The losses I have been incurring because the house is lying vacant for so long are really starting to hurt me now. I’ve had enough. If it happens again, would I be able to sue the owner of the offending neighbour’s house for compensation? I have brought the issue up with him before, but he’s refused to do anything about it because his tenant is one of his mates.
If legal action isn’t an option, what can I do?
Despina Priala (Priala Legal): Unless the behaviour can be classified as a noise disturbance, trying to seek legal action for other types of behaviour which may impact whether a tenant stays or goes can be challenging.
If the behaviour is noise related, that is, it relates to excessive noise emanating from your neighbour, there is specific legislation in Queensland, for example, known as the Noise Abatement Act 1978, providing parties with legal action that is enforceable.
Where the behaviour is not noise related, but perhaps nuisance related or bordering on neighbour harassment, there really is no law covering the right for a landowner to claim compensation or other legal action against his neighbour on the basis of “neighbour harassment”, where for example such neighbour has “forced” the land owner’s tenants from vacating the premises.

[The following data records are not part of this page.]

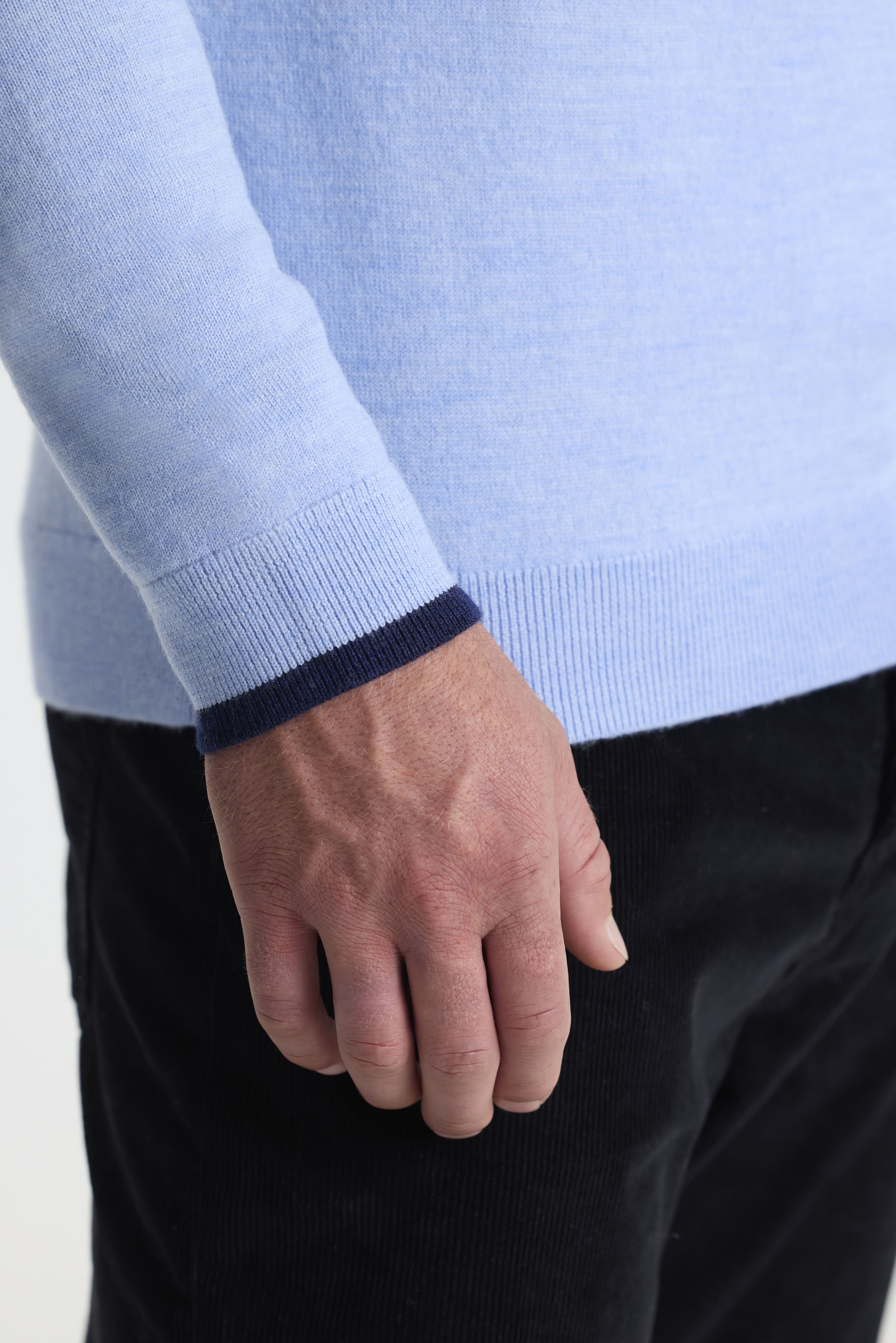The Corbin boasts a traditional crew neck style—with ribbed detailing at the neck, hem and sleeves. It also features an additional contrast color at the sleeves and the internal collar.
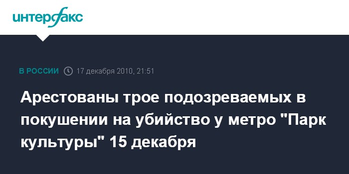 Арестованы трое подозреваемых в покушении на убийство у метро "Парк культуры" 15 декабря
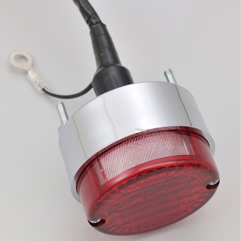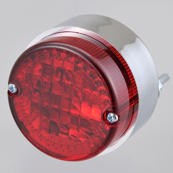 車検に対応した、丸形の小型テールランプ。幅広いカスタムにマッチする形状です。汎用品につき、取り付けには加工が必要。取り付けピッチ49mm、12V21/5W バルブ付属。別売のリフレクターキット(品番:20871、34496)との同時装着が必要です。
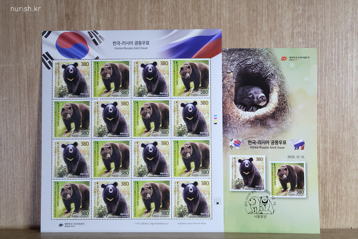 2020년 12월 15일 발행된 한국-러시아 공동우표. 수교 30주년을 맞아 양국에서 발행되는 공동우표이다. 곰 두 마리가 너무 귀엽다.
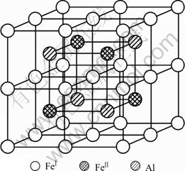 (m3m) type of space group. One DO3 cell consists of four A2 (bcc) cells and four B2 cells, belongs to face centered cubic structure. Its lattice constant a is 0.578 nm. The Fe atoms located in the center of cell interior, or in the center of cell edge and the top of the cell are expressed as FeⅠ. The Fe and Al atoms at the diagonal 1/4 and 3/4 of the cell interior are expressed as
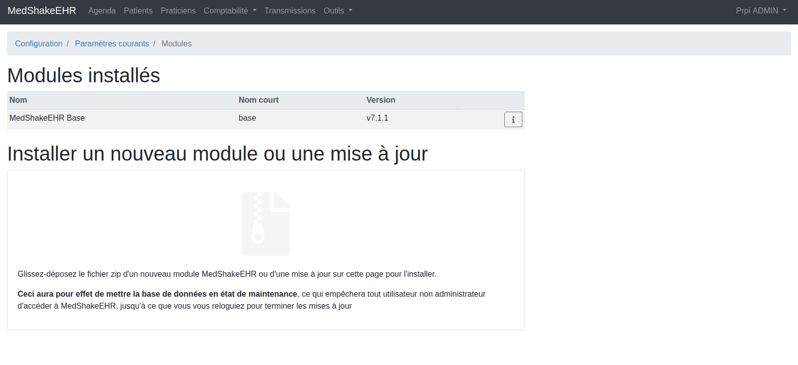 Je pense que vous avez récupérer l'archive zip directement sur github. Ces archives ne sont pas exploitable tel quel. La faute au script d'installation de module de Medshake qui recherche un fichier .MedShakeEHR à la racine de l'archive zip, or les archive zip disponible sur github place les fichier du module dans un dossier au nom du module dans l'archive du coup le fichier .MedShakeEHR n'est pas trouvé à la racine.
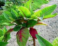 切り戻しをしなかった枝はこの時期になってもまだ赤い葉があります。
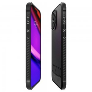 Viszonylag vékony védőtok. Tartós és rugalmas TPU anyagból készült, amely ellenáll a kopásnak. A Rugged Armourt fényes szénszál borítja, amely elegáns karbon textúrát hoz létre. A termék ideális, teljesen működőképes, nem korlátozza a hozzáférést a külső portokhoz, és hatékonyan védi a készüléket a karcolásoktól és leesésektől. A tok a MagSafe vezeték nélküli technológiával kompatibilis gyűrűvel van felszerelve. A mágnesgyűrű biztosítja a maximális töltési hatékonyságot, valamint a MagSafe funkcióval rendelkező tartozékok gyors és egyszerű csatlakoztatását. A Rugged Armor alkalmassági teszteknek vetették alá, és megkapta a MIL STD 810G-516.6 tanúsítványt, ami azt jelenti, hogy 26-szor esett le 2 méteres magasságból. Minden Spigen termék kopásállóságát és pontos illeszkedését tesztelték, hogy kiváló minőségű tokot biztosítsanak.

Even if there was, the landowner who is affected would still need to provide sufficient evidence that the neighbour was the direct cause of tenants vacating. This would entail finding tenants that have left and having them provide testimony to this effect. Even then there would be no guarantee that such evidence would lead to a resolution for the landowner concerned.

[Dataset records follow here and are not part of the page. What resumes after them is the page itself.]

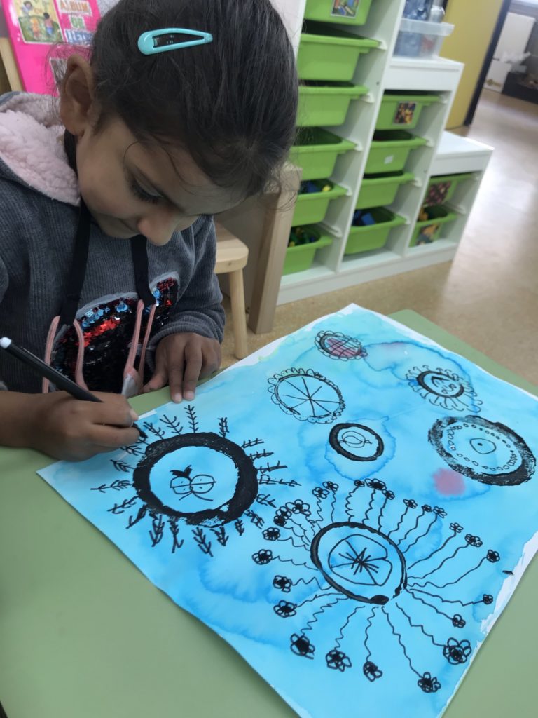 Us ensenyem el treball d’artistes que hem fet les nenes i nens de P4/5. L’hem anomenat ELS CORONAVIRUS. En una primera fase hem tenyit el fons amb paper pinotxo i ens hem adonar que no ens fa falta pintura i pinzell per pintar, podem fer-ho de mil maneres! Després hem estampat cercles de diferents mides
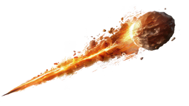 Large asteroid entering planet's atmosphere leaving a bright fire trail, on transparent background
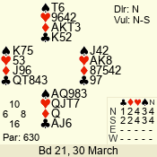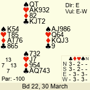 | Con | Dc | Res | Score | Ld | Pairs | Rd | Tbl | | 3 N | N | +1 | 630 | 4 | 14 - 08 | 7 | 5 |
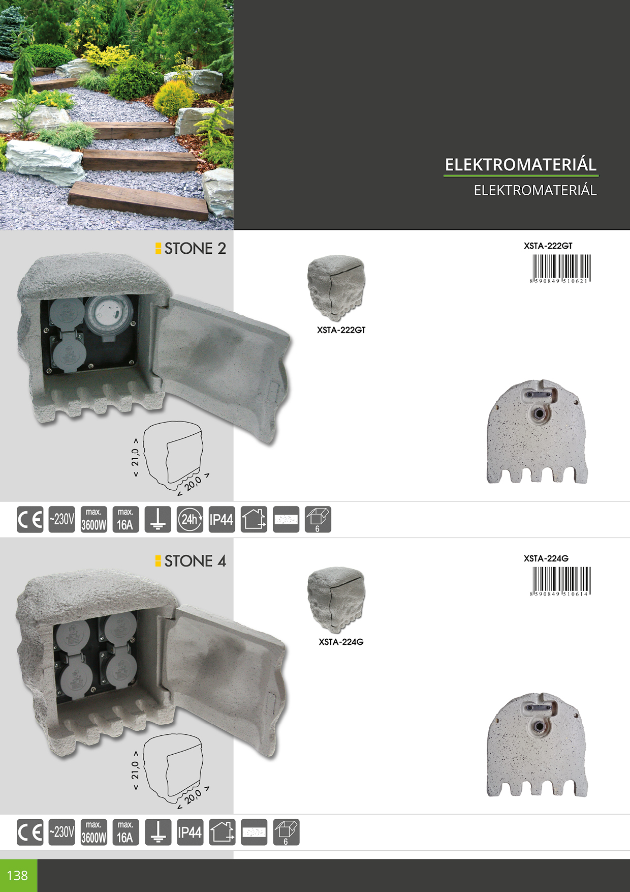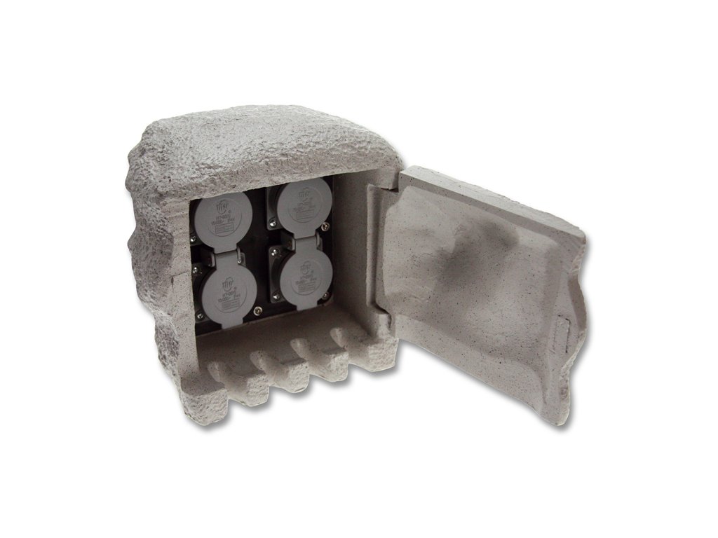 Zahradní kamenný sloupek 4 zásuvky, 230V, IP44, šedý - Ecolite STONE XSTA-224G
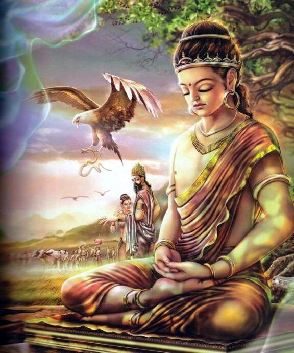 5得入四禅:太子见老鹰捕食蛇,心生悲悯,观察到众生的苦恼,而入禅定,得入四禅。
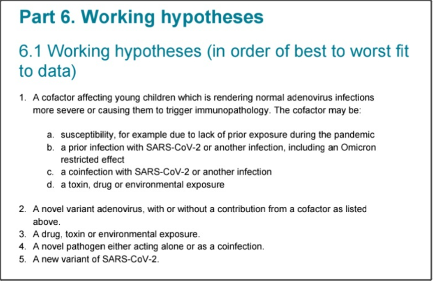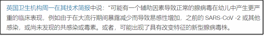 这些猜想里包括腺病毒变异、新冠病毒变异、其他病原体与新冠病毒共感染、大流行期间缺乏接触。
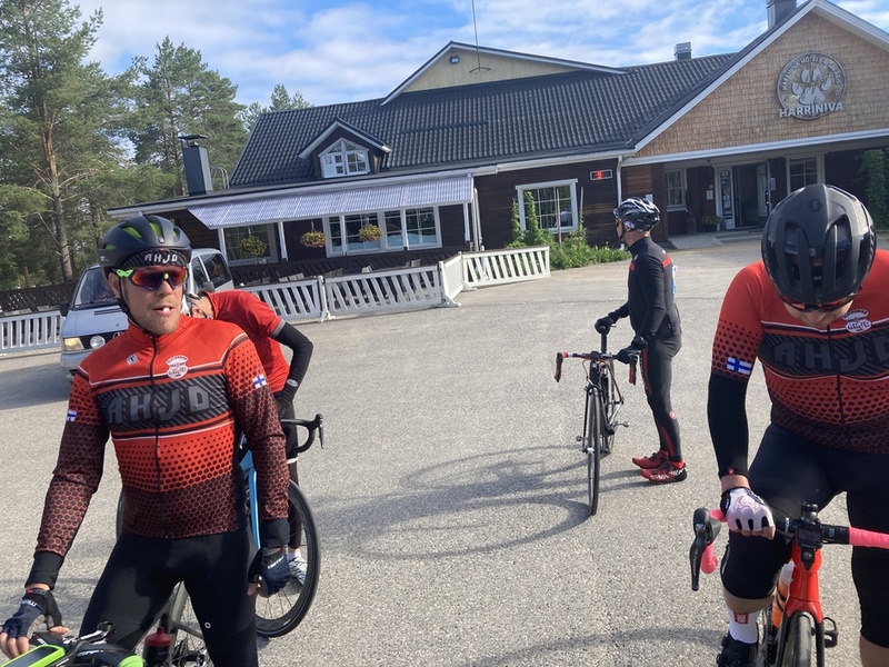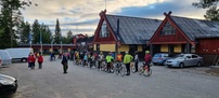 Äkäshotellissa kerrattiin päivän tapahtumia heti pyöräilyn jälkeen, seliteltiin vapaataipaleen raskautta ja nautittiin muutama huurteinen pirtukirkon terassilla. Majoittuminen Äkäshotellissa oli jaettu osallistujien kesken etukäteen kuten Harrinivassakin. Majoittumisen ja peseytymisen jälkeen pyöräilijöitä odotti tukeva päivällinen Äkäshotellin ravintolassa. Tarjolla oli Poronkäristystä ja uunilohta, kasvisruokavaihtoehtoa unohtamatta. Pyöräilijöiden palaute ensimmäisen päivän ajoreitistä oli positiivinen - loppua kohden maasto muuttui mäkisemmäksi ja maisemat jylhemmiksi, myös liikenne oli hiljaista. Toki osaa harmitti kun lähtö ei tapahtunut perinteiseen tyyliin Kilpisjärveltä. Toinen ajopäivä alkoi pirtukirkon sisäpihalta ryhmittäin klo 06:00 - 07:30 sekä 09::00. Sää suosi pyöräilijöitä sillä tuuli puhalsi koko päivän pääosin seläntakaa eli koillisen suunnalta. Tämä myös näkyy toteutuneissa nopeuksissa. Alkumatka ajettiin perinteistä reittiä myöden Kolariin asti, mistä siirryimme Ruotsin valtakunnan puolelle. Matkaa taivallettiin Pajalan, Pellon ja Matarengin kautta aina Haaparannalle asti. Tien kunto on erinomainen ja hyvällä säällä nopeudet nousevatkin helposti todella korkeiksi.
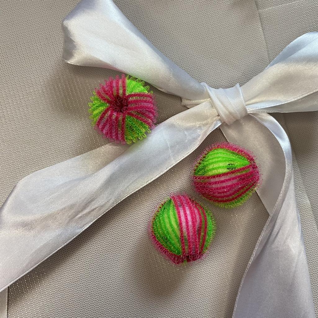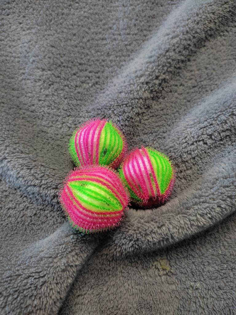 Кульки для прання Кульки виготовлені з матеріалу, схожого на застібку-липучку, Вони мають особливу поверхню, покриту дрібними гачками з поліпропілену. Збирать на себе волосся, ковтунці, ворс, нитки, пух під час прання, запобігаючи засміченню вашої пральної машинки. Періодично після після кількох циклів прання очищайте ці кульки від налиплих на них засмічень. Для кращого результату потрібно докупити ще один такий набір.
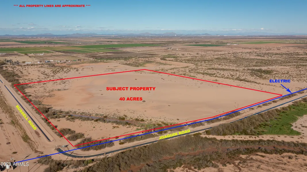With Tractor Supply, Kohler, CCP Group, Lucid Motors plant doubling in size, Attessa Motorsports Park underway, the town of Casa Grande is expecting 20,000+ NEW JOBS! That's the town's population growing by ⅓ it's current population. Where will everyone live? ***DON'T MISS YOUR CHANCE TO INVEST AHEAD OF GROWTH****This property is just south of Interstate 8 between Russell Road and Montgomery Road full Diamond Interchange. Mountain Views! Close to Proposed I-11 Corridor! Just south of Casa Grande - only an hour to Sky Harbor, Phoenix & Tucson! Russell Road paved from Hwy 84 to Arica Road. Located in a prime farming area. Power adjoining property along Joaquin Road. General Rural zoning. More photos and drone Aerials coming soon! Adjoining 40 Acres to east also ava

Have you considered building a high solid fence? This will allow you to liaise with your neighbour and discuss contributions required for building it. If your neighbour does not want to cooperate, there is legislation dealing with neighbourhood disputes regarding a dividing fence.
George Vlahakis (Kydon Segal Laywers): Usually your first step is to speak to your neighbour to try and resolve the issue. You have taken that step and no outcome was reached.
Taking court action against a neighbour should be taken as a last resort. It can be expensive for you and your neighbour, and the outcome may cause friction between you, making it difficult to maintain a civil relationship in the future.
If you still want to take the matter to court, an injunction may be applied for to stop the owner and/or tenant from causing a nuisance to you and your tenants as you are suffering damage, namely tenants breaking their leases and losing rental income, due to the neighbour’s actions.
In relation to the possibility of suing for compensation, usually the person who caused the damage would need to be sued, being the tenant in this case, not the landlord. Also, you would need to prove that you have suffered a loss due to the person’s actions and to what degree you have suffered that loss for a court to then determine whether compensation can be awarded to you.
An alternative to going to court and your second step would be to take the dispute to a Community Justice Centre. These centres have trained mediators to help resolve disputes and come to a settlement where hopefully both parties can be reasonably satisfied with the outcome and maintain a civil relationship as neighbours. Mediators do not make a decision on the matter, but rather assist the parties to come to their own decision between them. The mediator also does not have the power to impose penalties or award costs.
Prior to going to mediation it is advisable to obtain legal advice from a solicitor so you are aware of your rights in relation to your particular situation before coming to any settlement at mediation.
Disclaimer: The information in this article is of a general nature only and should not be relied upon as legal advice. You should seek advice for your particular circumstances before entering into any transaction.